At the start of the year, I and some other Christians met the Bath Imam and other Muslim academics to discuss the birth narratives, in both Luke’s Gospel and the Qur’an. There was great joy discovering common ground and shared messages.

In the Christian tradition, the song of Zechariah (the Benedictus) – the words he uses when he is able to speak again after the birth of his son John the Baptist – are:

“This was the oath God swore to our father Abraham, to set us free from the hands of our enemies. Free to worship him with out fear, holy and righteous in his sight all the days of our life.”

The ‘fatherhood’ of Abraham is a source of teaching and hope to the Christian, Jewish and Muslim faith traditions. Close scrutiny of those traditions shows that within each of them, there are widely disparate groups, all claiming this hope.

In our interfaith work here at the University of Bath, a spotlight has shone on these three faith traditions over the last three months because of world events. As we start the new year, the Bath University Interfaith Community (BUIC) is looking forward to an interfaith meal in February and welcoming students from all faith societies including the Sikh, Hindu and Meditation Societies. These groups, too have wonderful writings which guide them.

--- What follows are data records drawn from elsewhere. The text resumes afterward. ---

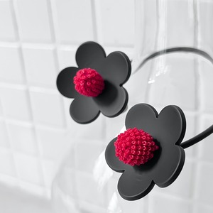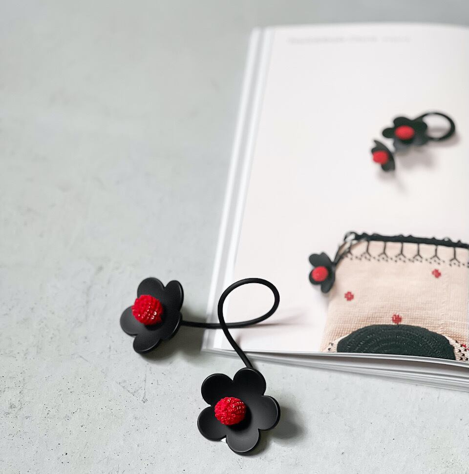 黒マットの花びらに真っ赤な花芯は「かわいい」で表現するのもちょっと違う…ファンの心をくすぐるテイストしっかり出ています。作りたい!持ち歩きたい!そんなチャームを一緒に作りましょう。
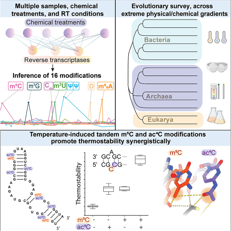 Pan-Mod-seq enables high-throughput profiling of 16 rRNA modifications across diverse species, revealing that while these chemical markers are largely static in mesophiles, they are highly dynamic in hyperthermophiles. Specifically, a conserved m5C-ac4C module is co-induced by heat and serves a critical role in stabilizing ribosome structure at extreme temperatures. Cryo-EM and biophysical analyses confirm that this modification module provides essential thermostability required for hyperthermophilic growth. ![]()
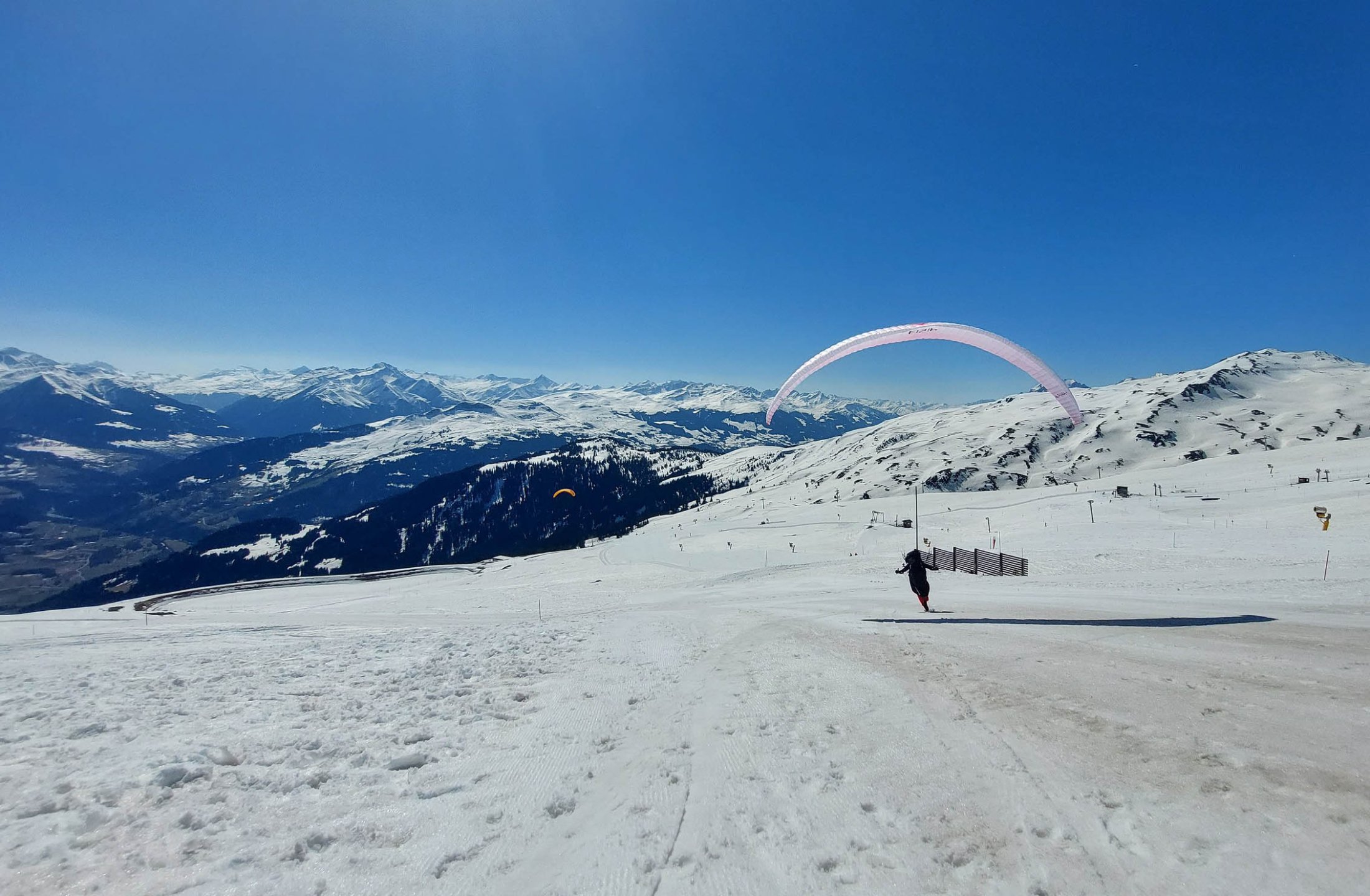 Im Paraworld Meteobriefing fragen wir: "Wo in der Schweiz findest du die besten Thermikbedingungen". Die Antwort der Flugwoche mit Kaspar: Flims. Zuerst zeigte Flims seine Vorteile bei Südüberdruck, bei dem wir in Flims fliegen konnten, während anderswo in der Schweiz seichter Föhn herrschte. Danach stellte sich ein Hammer-Flachdruckhoch ein, mit Traum-Temperaturgradienten in der Surselva. Die Basishöhe stieg auf über 4000m, so dass das permanente MIL ON Limit uns doch tatsächlich deckelte. Und die Reiseteilnehmer:innen wussten die Situation zu nutzen: Alle Schüler:innen landeten am Crap Sogn Gion top, und wir konnten sogar auf ein Strecken-Schulreisli gehen. Die Brevetierten stellten neue persönliche Höhenrekorde auf, wagten sich auf erste Strecken oder legten gar Strecken von über 100km zurück. Wow! Herzliche Gratulation allen Teilnehmern:innen!

As this year's World Interfaith Harmony Week (1-7th February) comes to a close, its theme of 'uniting for peace' reminds us to continually look ahead, to strive to find common ground, particularly finding those factors that drive our faith and our hope, and so therefore seek to work towards better religious literacy, understanding of each other and so peaceful relationship building.

Many of us more senior men and women are inspired when we meet students and staff who tell us that in this century, there must be better ways to resolve conflict than military action. The future – ours, theirs and their children’s – depend on this. Let us work together.